Recently I found a curb alert piece on the edge of someone’s front lawn. It was a nice mission style table with two shelves, on wheels. It is a nice honey maple color. It’s a bit dusty, but if looks like it will clean up fairly easily. Into the back of my CRV it goes, and on our way we continue to my 6 year old son’s friend’s birthday party.
Later that night, my husband unloads the find and brings it into the house. I clean it thoroughly, and in doing so, reveal a pejorative term carved into the top, racist in nature. I am uncomfortable with this immediately, and put a towel over the top. My husband and I talk about this. Can I sand it off, refinish the top. It comes in handy twice over the next 2 weeks when we get a driving rain mixed with wind, just the combination that results in a leak in the kitchen. We roll it over and the water drips slowly and quietly onto the towel that is covering the hatred carved into the table.
But, we have no room for this in our home. Both the table, and the hatred. I decide I will donate it to Goodwill. I have my husband take it outside and he gets me the most coarse sandpaper we have. I rub and rub and rub. There still is a faint imprint that you can make out. I am struck with this, the depth of the hatred. I also think about how wonderful it would be if this kind of hatred was that simple to rub away. I hand the sawdust filled sandpaper to my husband, and ask him to rub harder than I can, to get completely rid of it. He does so. The table is now left with a spot lighter and rougher than the rest of the surface. It is almost like a scar.

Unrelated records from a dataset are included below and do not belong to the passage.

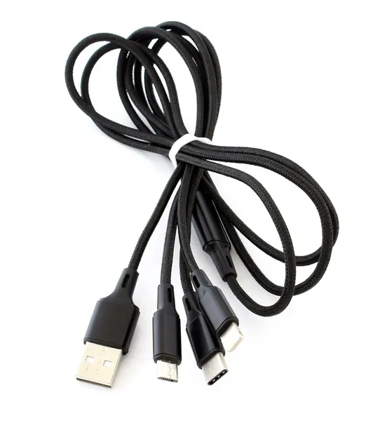 Kabel USB 3w1 z oplotem to doskonałe rozwiązanie ułatwiające naładowanie telefonu oraz innych urządzeń elektronicznych. Umożliwia podłączenie do ładowania telefonu wyposażonego w dowolny port komunikacyjny (Apple Lightning, microUSB oraz USB typu C M2). Świetnie sprawdzi się więc jako gadżet dla wszystkich wygodnickich! Spełnia przy tym wszystkie wymogi standardowego kabla do ładowania.
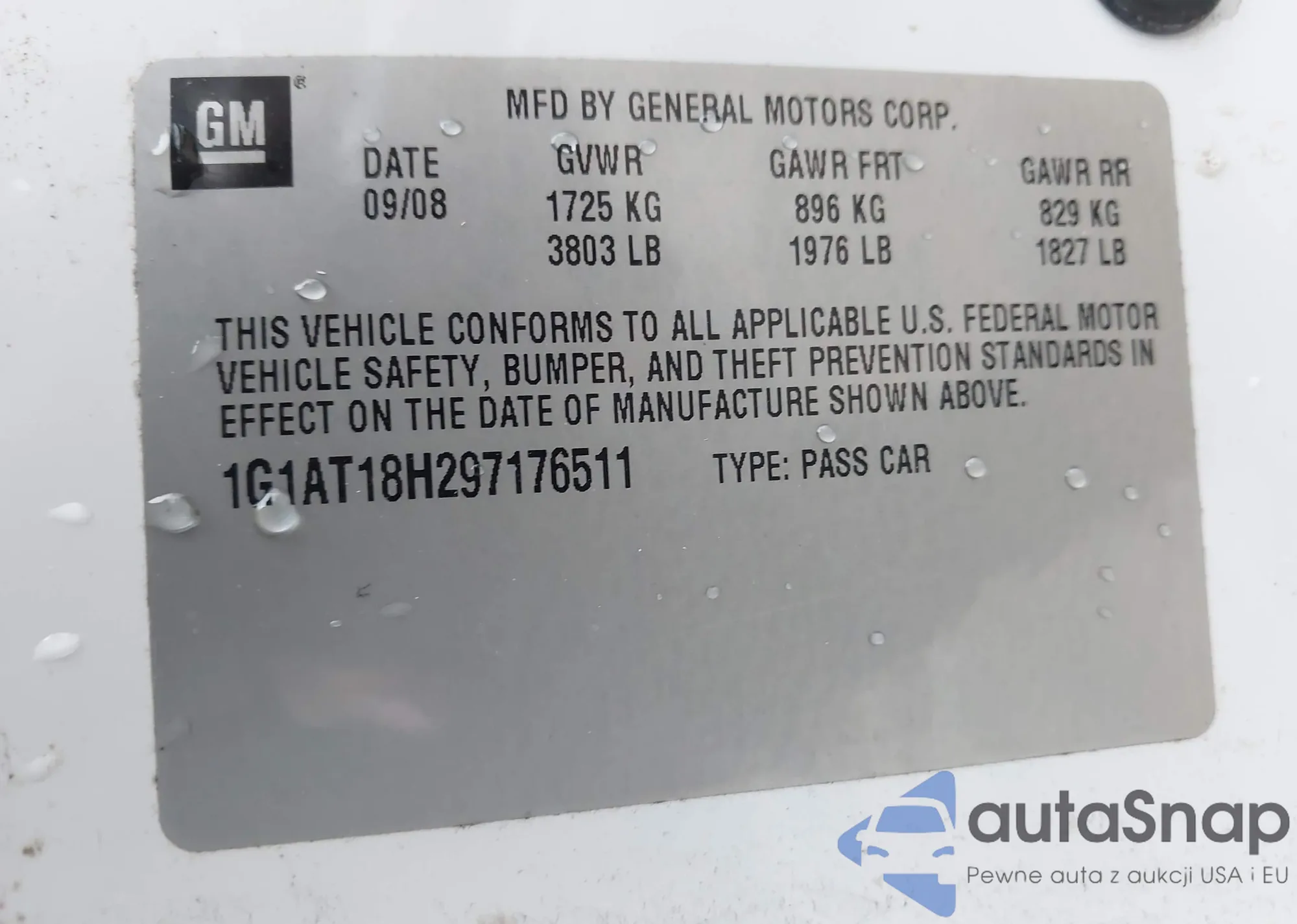 LOT: 43815629 VIN: 1G1AT18H297176511
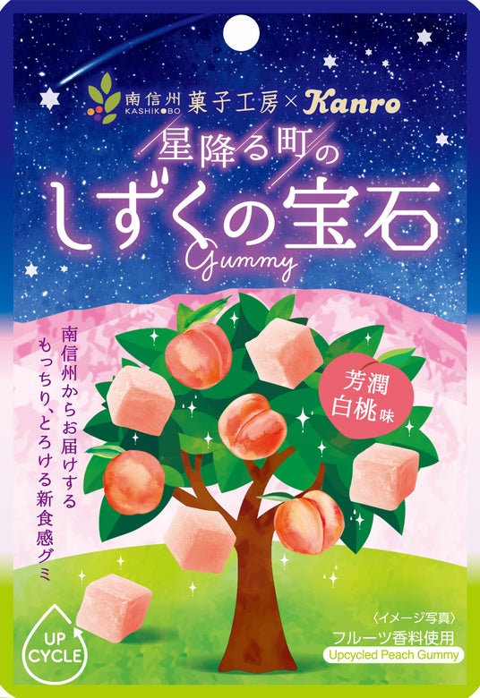 2024年に、りんごのドライフルーツを製造する過程で発生するシロップを使用した「しずくの宝石グミ濃密りんご味」をセブン-イレブンで販売し、アップサイクルである点はもちろん、もっちりした食感と、まるで本物のりんごのような濃厚な味わいをご好評いただきました。第二弾として発売するのは、白桃のドライフルーツを製造する過程で発生するシロップを使用した「芳潤白桃味」です。パッケージは、製造している南信州の美しい南アルプスの山々と、大自然からみることができる星空を表現しています。地球にもやさしく、濃厚な味わいを楽しめるアップサイクルグミをぜひお試しください。
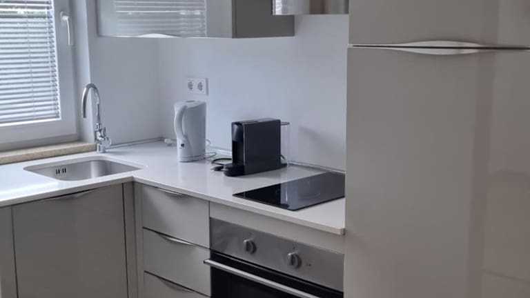 Die Ferienwohnung bietet Übernachtungsmöglichkeiten in zwei Schlafzimmern und einem Wohnzimmer. Die voll ausgestattete Küche ist mit einem Kühlschrank und einer Kaffeemaschine versehen. Ein Badezimmer mit Dusche und Haartrockner ist ebenfalls vorhanden. Handtücher und Bettwäsche werden bereitgestellt. Die Unterkunft ist klimatisiert und bietet Nichtraucherzimmer sowie Familienzimmer.
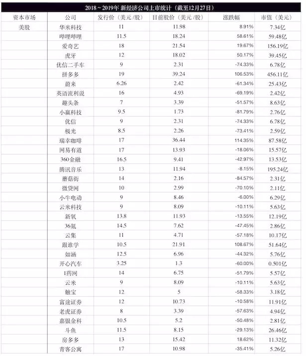 这已经成为一个普遍的现象,据投中网统计,2018年赴美股、港股上市的新经济公司共57家,其中42家跌破发行价。

It reminds me of a picture I once saw of a woman who had one of her breasts fully removed. She was standing, arms stretched into the sky, her remaining breast unscathed. And, she proudly wears a long deep scar where the other breast was. But, here she was, alive, having had her deadly cancerous breast removed. Here, on this table, the hatred is removed, scar left behind, table now healthy and well, free from the hatred of the word carved into it. I brought the table to Goodwill the next day, and as I walked away from it, I ran my hand over the scar, the scar of hatred removed.